__Records supplied__:
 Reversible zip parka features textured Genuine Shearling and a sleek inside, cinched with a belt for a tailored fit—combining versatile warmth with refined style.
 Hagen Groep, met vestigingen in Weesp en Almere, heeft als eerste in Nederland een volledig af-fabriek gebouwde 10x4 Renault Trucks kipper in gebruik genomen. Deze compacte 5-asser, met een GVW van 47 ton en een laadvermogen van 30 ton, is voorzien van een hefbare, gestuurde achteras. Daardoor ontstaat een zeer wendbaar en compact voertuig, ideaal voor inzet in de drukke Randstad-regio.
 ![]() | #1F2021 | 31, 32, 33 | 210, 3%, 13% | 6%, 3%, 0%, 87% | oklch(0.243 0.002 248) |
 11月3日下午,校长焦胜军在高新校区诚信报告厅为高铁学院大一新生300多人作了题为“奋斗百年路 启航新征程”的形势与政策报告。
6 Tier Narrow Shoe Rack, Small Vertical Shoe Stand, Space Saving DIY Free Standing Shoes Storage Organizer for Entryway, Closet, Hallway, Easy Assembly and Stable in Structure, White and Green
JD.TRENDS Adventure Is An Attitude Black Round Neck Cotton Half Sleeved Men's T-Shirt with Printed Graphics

...

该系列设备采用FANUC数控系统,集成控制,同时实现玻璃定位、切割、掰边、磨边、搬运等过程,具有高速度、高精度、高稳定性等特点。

---

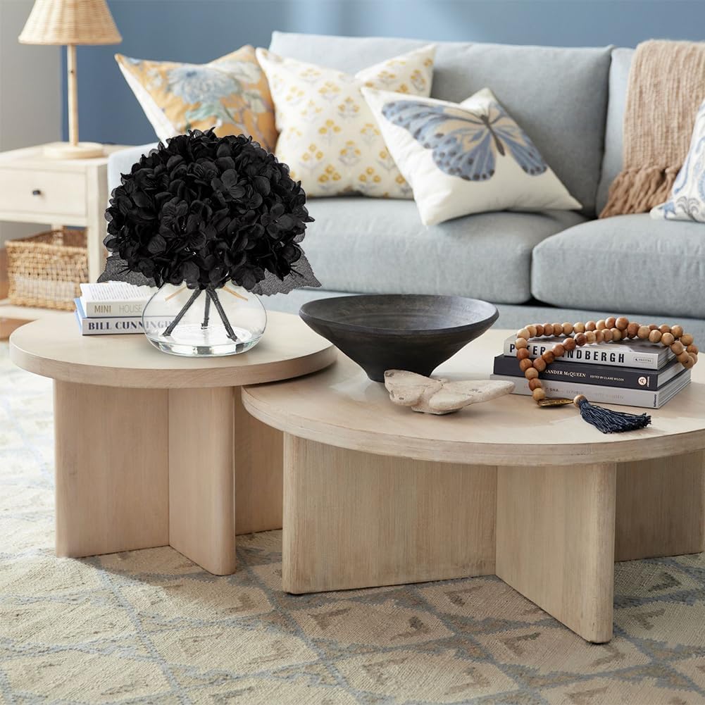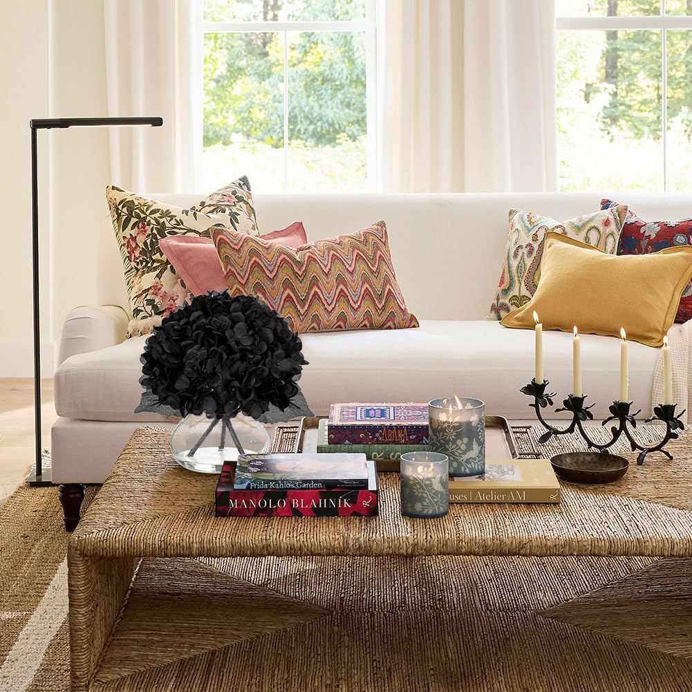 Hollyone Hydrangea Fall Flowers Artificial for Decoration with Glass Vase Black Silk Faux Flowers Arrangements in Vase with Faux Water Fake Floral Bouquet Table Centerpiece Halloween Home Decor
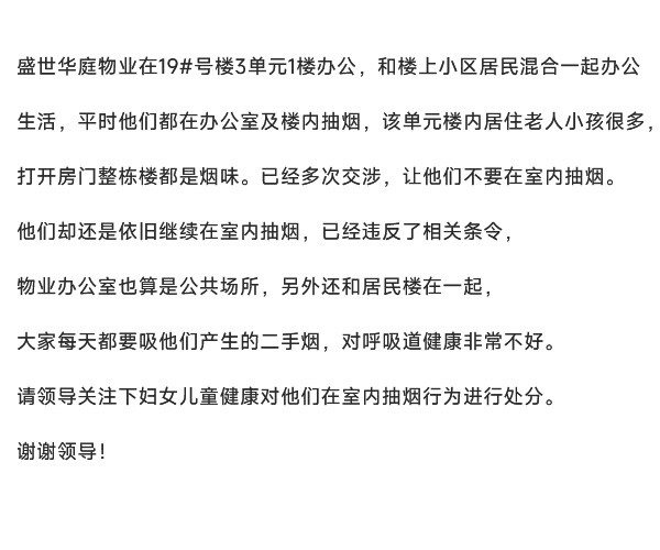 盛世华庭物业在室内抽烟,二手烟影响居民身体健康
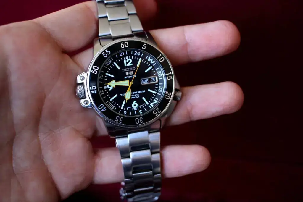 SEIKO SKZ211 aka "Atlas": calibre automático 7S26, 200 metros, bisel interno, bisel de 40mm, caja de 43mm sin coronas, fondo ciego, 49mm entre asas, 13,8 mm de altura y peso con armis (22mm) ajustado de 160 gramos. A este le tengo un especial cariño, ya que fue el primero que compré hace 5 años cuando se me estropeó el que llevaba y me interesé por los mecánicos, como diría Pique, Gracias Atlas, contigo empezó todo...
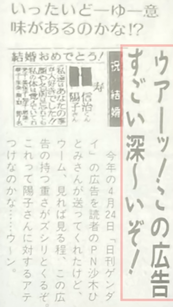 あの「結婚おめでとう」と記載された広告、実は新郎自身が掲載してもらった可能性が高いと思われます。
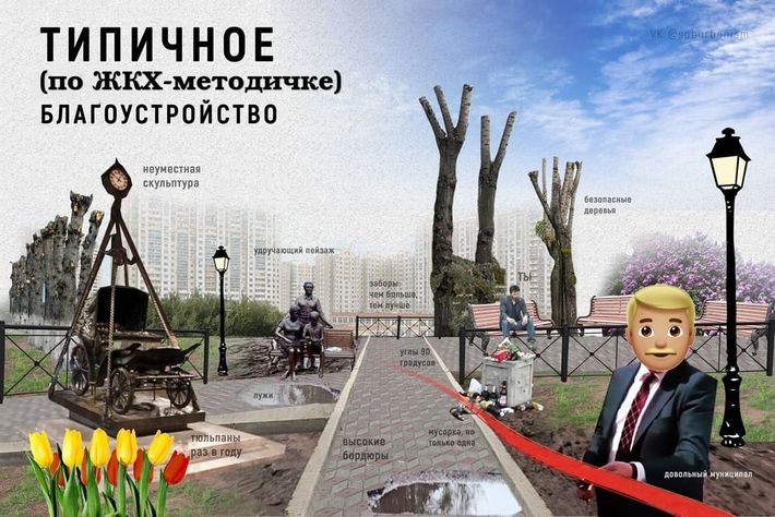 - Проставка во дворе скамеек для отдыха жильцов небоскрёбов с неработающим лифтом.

__Task brief__: Once the line with "Hagen Groep, met" is found in the records above, print exactly that line and every line after it through the line with "JD.TRENDS Adventure Is".

__Answer below__:
 Hagen Groep, met vestigingen in Weesp en Almere, heeft als eerste in Nederland een volledig af-fabriek gebouwde 10x4 Renault Trucks kipper in gebruik genomen. Deze compacte 5-asser, met een GVW van 47 ton en een laadvermogen van 30 ton, is voorzien van een hefbare, gestuurde achteras. Daardoor ontstaat een zeer wendbaar en compact voertuig, ideaal voor inzet in de drukke Randstad-regio.
 ![]() | #1F2021 | 31, 32, 33 | 210, 3%, 13% | 6%, 3%, 0%, 87% | oklch(0.243 0.002 248) |
 11月3日下午,校长焦胜军在高新校区诚信报告厅为高铁学院大一新生300多人作了题为“奋斗百年路 启航新征程”的形势与政策报告。
6 Tier Narrow Shoe Rack, Small Vertical Shoe Stand, Space Saving DIY Free Standing Shoes Storage Organizer for Entryway, Closet, Hallway, Easy Assembly and Stable in Structure, White and Green
JD.TRENDS Adventure Is An Attitude Black Round Neck Cotton Half Sleeved Men's T-Shirt with Printed Graphics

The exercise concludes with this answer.